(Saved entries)

════════

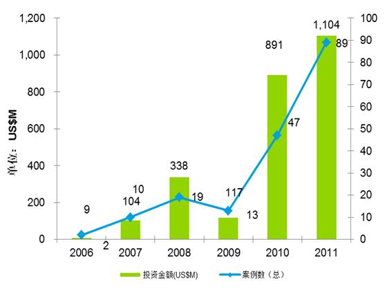 2006年-2011年中国农业领域投资情况
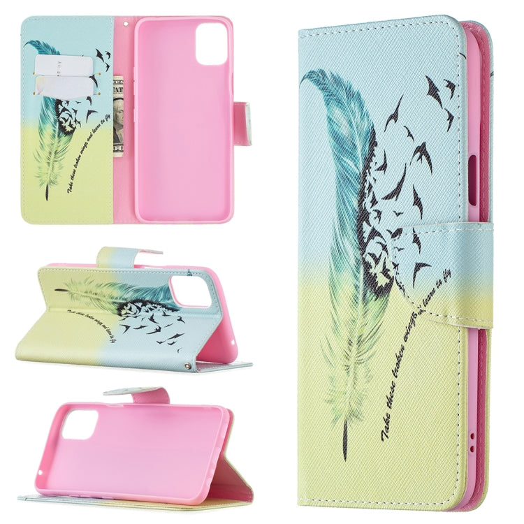 Funda de Cuero Horizontal para LG K42 con Soporte, Ranuras para Tarjeta y Billetera (Pluma)
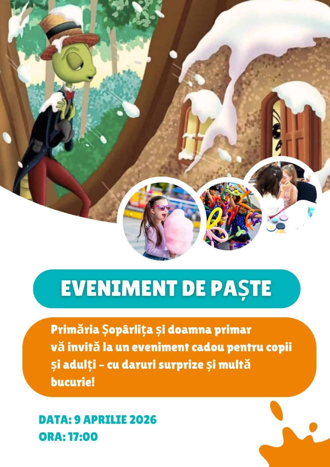 Veste bună pentru copiii din comuna Șopârlița. Teatrul București în colaborare cu edilul Marijana Trepăduș au pregătit o zi magică, pe 9 aprilie, ora 17:00, în parcul comunal din localitate. Evenimentul este organizat pentru a petrece Paștele într-un cadru magic, alături de Iepurașul cel hazliu.
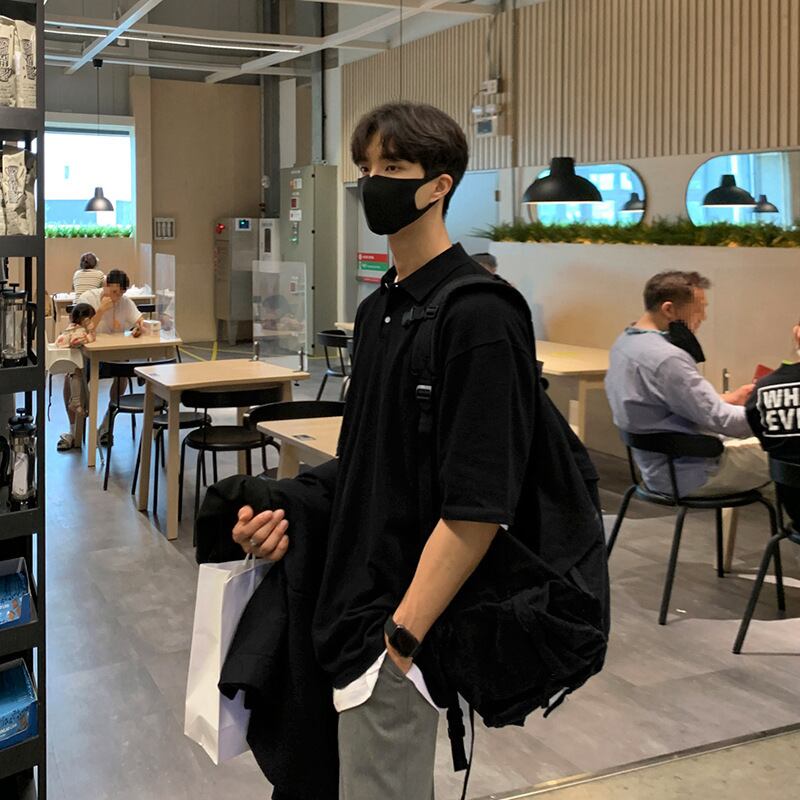 3色 ポロシャツ カジュアル ゴルフ ルーズ トップス 無地 半袖 5
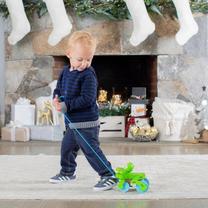 - Encourage young ones to go on the move with this adorable wooden bright green and polka-dot frog pull toy
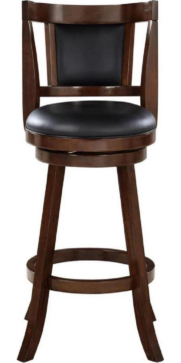 Safety, durability, and design are all wrapped up in one package with the Boraam Avianna Swivel Counter or Bar Stool. No matter how long your meal lasts, the stool s round swivel seat, footrest, and contoured back ensure you ll be eating in comfort. A 360-degree ball-bearing swivel plate promises durability. Thanks to the solid hardwood construction and stability stretchers on the stool s base (which also double as a footrest), you ll get long-lasting use out of this piece. Finally, faux leather upholstery covers fire-retardant high-density foam in the seat and the back.
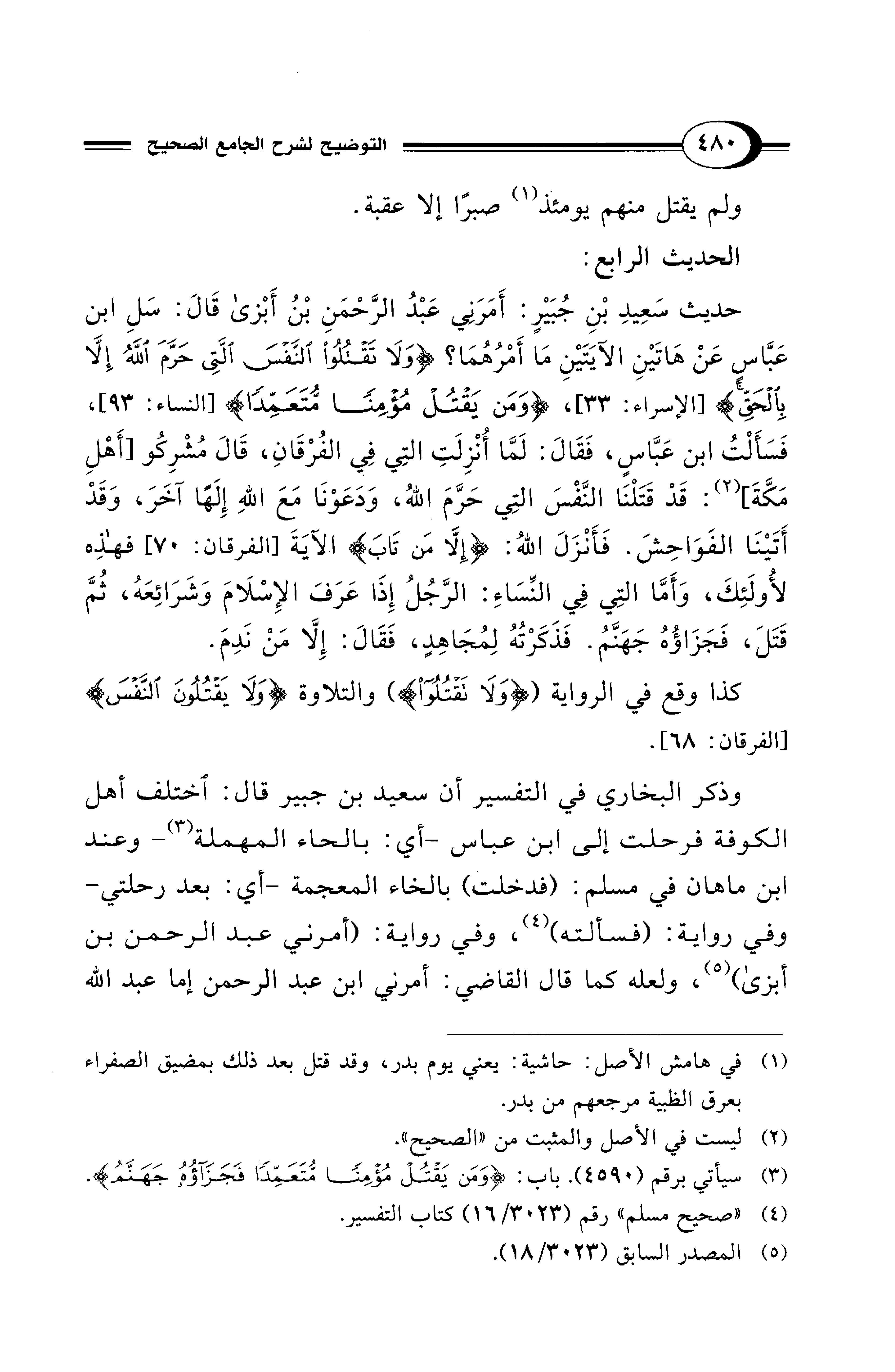 حديث سَعِيدِ بْنِ جُبَيْرٍ: أَمَرَنِي عَبْدُ الرَّحْمَنِ بْنُ أَبْزى قَالَ: سَلِ ابن عَبَّاس عَنْ هَاتَيْنِ الآيَتَيْنِ مَا أَمْرُهُمَا؟ {وَلَا تَقْتُلُوا النَّفْسَ الَّتِي حَرَّمَ اللَّهُ إِلَّا بِالْحَقِّ} [الإسراء: 33]، {وَمَنْ يَقْتُلْ مُؤْمِنًا مُتَعَمِّدًا} [النساء: 93]، فَسَأَلْتُ ابن عَبَّاسٍ، فَقَالَ: لَمَّا أُنْزِلَتِ التِي في الفُرْقَانِ، قَالَ مُشْرِكُو [أَهْلِ مَكَّةَ] (¬2): قَدْ قَتَلْنَا النَّفْسَ التِي حَرَّمَ اللهُ، وَدَعَوْنَا مَعَ اللهِ إِلَهًا آخَرَ، وَقَدْ أَتَيْنَا الفَوَاحِشَ. فَأَنْزَلَ اللهُ: {إِلَّا مَنْ تَابَ} الآيَةَ [الفرقان: 70]، فهذِه لأُولَئِكَ، وَأَمَّا التِي فِي النِّسَاءِ: الرَّجُلُ إِذَا عَرَفَ الإِسْلَامَ وَشَرَائِعَهُ، ثُمَّ قَتَلَ، فَجَزَاور جَهَنَّمُ. فَذَكَرْتُهُ لِمُجَاهِدٍ، فَقَالَ: إِلَّا مَنْ نَدِمَ.

════════

- WHAT IS NEEDED
Counting the line with "3色 ポロシャツ カジュアル ゴルフ ルーズ トップス 無地 半袖 5" and the last line of the data above, transcribe those two lines and every line between them exactly, without the pictures.

- RESPONSE FOR THIS EXERCISE
 3色 ポロシャツ カジュアル ゴルフ ルーズ トップス 無地 半袖 5
 - Encourage young ones to go on the move with this adorable wooden bright green and polka-dot frog pull toy
 Safety, durability, and design are all wrapped up in one package with the Boraam Avianna Swivel Counter or Bar Stool. No matter how long your meal lasts, the stool s round swivel seat, footrest, and contoured back ensure you ll be eating in comfort. A 360-degree ball-bearing swivel plate promises durability. Thanks to the solid hardwood construction and stability stretchers on the stool s base (which also double as a footrest), you ll get long-lasting use out of this piece. Finally, faux leather upholstery covers fire-retardant high-density foam in the seat and the back.
 حديث سَعِيدِ بْنِ جُبَيْرٍ: أَمَرَنِي عَبْدُ الرَّحْمَنِ بْنُ أَبْزى قَالَ: سَلِ ابن عَبَّاس عَنْ هَاتَيْنِ الآيَتَيْنِ مَا أَمْرُهُمَا؟ {وَلَا تَقْتُلُوا النَّفْسَ الَّتِي حَرَّمَ اللَّهُ إِلَّا بِالْحَقِّ} [الإسراء: 33]، {وَمَنْ يَقْتُلْ مُؤْمِنًا مُتَعَمِّدًا} [النساء: 93]، فَسَأَلْتُ ابن عَبَّاسٍ، فَقَالَ: لَمَّا أُنْزِلَتِ التِي في الفُرْقَانِ، قَالَ مُشْرِكُو [أَهْلِ مَكَّةَ] (¬2): قَدْ قَتَلْنَا النَّفْسَ التِي حَرَّمَ اللهُ، وَدَعَوْنَا مَعَ اللهِ إِلَهًا آخَرَ، وَقَدْ أَتَيْنَا الفَوَاحِشَ. فَأَنْزَلَ اللهُ: {إِلَّا مَنْ تَابَ} الآيَةَ [الفرقان: 70]، فهذِه لأُولَئِكَ، وَأَمَّا التِي فِي النِّسَاءِ: الرَّجُلُ إِذَا عَرَفَ الإِسْلَامَ وَشَرَائِعَهُ، ثُمَّ قَتَلَ، فَجَزَاور جَهَنَّمُ. فَذَكَرْتُهُ لِمُجَاهِدٍ، فَقَالَ: إِلَّا مَنْ نَدِمَ.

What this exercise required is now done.